Михаил Васильевич ПЕТРАШЕВСКИЙ (1821-1866) - русский социалист-утопист, кандидат права, редактор и автор "Карманного словаря иностранных слов". Выступал за демократизацию политического строя России и освобождение крестьян с землей. В 1849 г. осужден на вечную каторгу, которую отбывал в Забайкальских заводах. С 1856 г. был переведен на поселение в Иркутск.
ПЕТРАШЕВЦЫ - общество разночинной молодежи в Петербурге (1844-1849). Первоначально занимались самообразованием, потом структура общества видоизменилась: на общедоступных, легальных "пятницах" обсуждали теоретические вопросы, а в кружках, которыми руководили барон Дебу, Н.С. Кошкин, С.Л. Дуров, Н.А. Момбелли, - вопросы об организации тайного революционного общества, о подготовке крестьянского восстания, о создании подпольной типографии. В кружках готовилась агитационная литература для народа ("Десять заповедей" П.Н. Филиппова, "Солдатская беседа" Н.П. Григорьева). Петрашевцы были арестованы 23 апреля 1849 г. Под следствием находились 123 человека, военный суд рассматривал дела 22-х, из них 21 приговорены к расстрелу, который в последний момент был заменен всем различными сроками каторги и арестанских рот. В 1856г. оставшиеся в живых петрашевцы были амнистированы.
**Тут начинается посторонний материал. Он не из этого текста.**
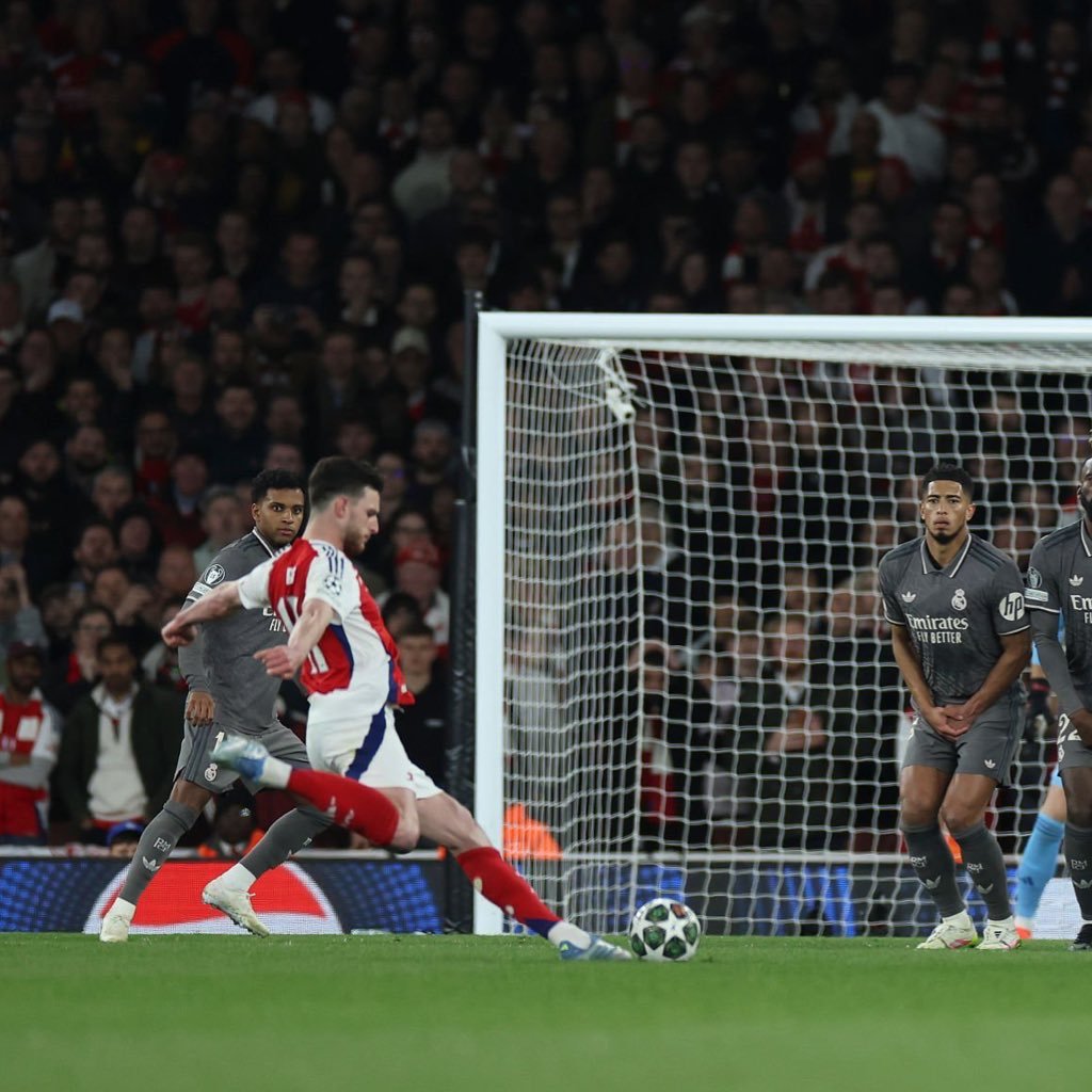 جود بيلينغهام خلال المؤتمر الصحفي: "ركلات ديكلان رايس الحرة كانت مفاجأة، لم أره يفعل ذلك من قبل (يضحك)". "كل الاحترام له، بصراحة "

На одном из "пятничных" собраний Достоевский произнес речь о христианском социалисте Ламеннэ, библейский и проповеднический стиль которого соответствовал его собственному мистическому настроению, и довел слушателей до слез своими вдохновенными комментариями. Он не знал, что среди присутствующих находился агент Третьего жандармского Отделения, и что ему вскоре придется дорого заплатить за призывы к справедливости, братству, вольности.
23 апреля 1849 года.
Достоевский был арестован и посажен в каземат Петропавловской крепости. Он просидел в нем восемь месяцев, и здоровье его сильно ухудшилось: он не мог есть из-за болей в желудке, по ночам его мучили припадки смертного ужаса, а когда он забывался, то видел пугающие кошмары. По его собственному выражению, он жил тогда только "своими средствами, одной головой, и больше ничем... Все у меня ушло в голову, а из головы в мысль, все, решительно все."
22 декабря 1849 года.
На Семеновском плацу состоялась экзекуция. Свидетель ее, Александр Врангель, вспоминал, что площадь была оцеплена войсками. Позади черных рядов солдатского каре толпился случайный народ-мужики, торговки. На средине площади был сооружен деревянный эшафот со ступенями и врытыми в землю столбами. С осужденных сняли верхнюю одежду, и они стояли на двадцатиградусном морозе в одних рубашках. Аудитор зачитал приговор: "Достоевский Федор Михайлович... за участие в преступных замыслах и распространение письма литератора Белинского, наполненного дерзкими выражениями против православной церкви и верховной власти, и за покушение, вместе с прочими, к распространению сочинений против правительства посредством домашней литографии, лишен всех прав состояния... к смертной казни расстрелянием". Священник с крестом сменил на эшафоте аудитора и предложил исповедываться. Один из осужденных пошел на исповедь, остальные приложились к серебряному кресту, который священник быстро и молча подставлял к губам. Затем на Петрашевского, Момбелли и Григорьева надели саваны; этих трех, с повязкой на глазах, привязали к столбам. Достоевский стоял в следующей группе, ожидая своей очереди. Взвод с офицером во главе выстроился перед столбами, солдаты вскинули ружья и взяли на прицел. Но в тот момент, когда, должна была раздаться команда "пли", один из высших военных чинов взмахнул белым платком, казнь была остановлена, и осуждённых отвязали от столбов. Григорьев сошел с ума за эти несколько минут ожидания конца. У Момбелли вмиг поседели волосы. Был объявлен новый приговор - монаршая милость. Достоевскому назначалась каторга на четыре года и потом служба рядовым в Сибири еще четыре года.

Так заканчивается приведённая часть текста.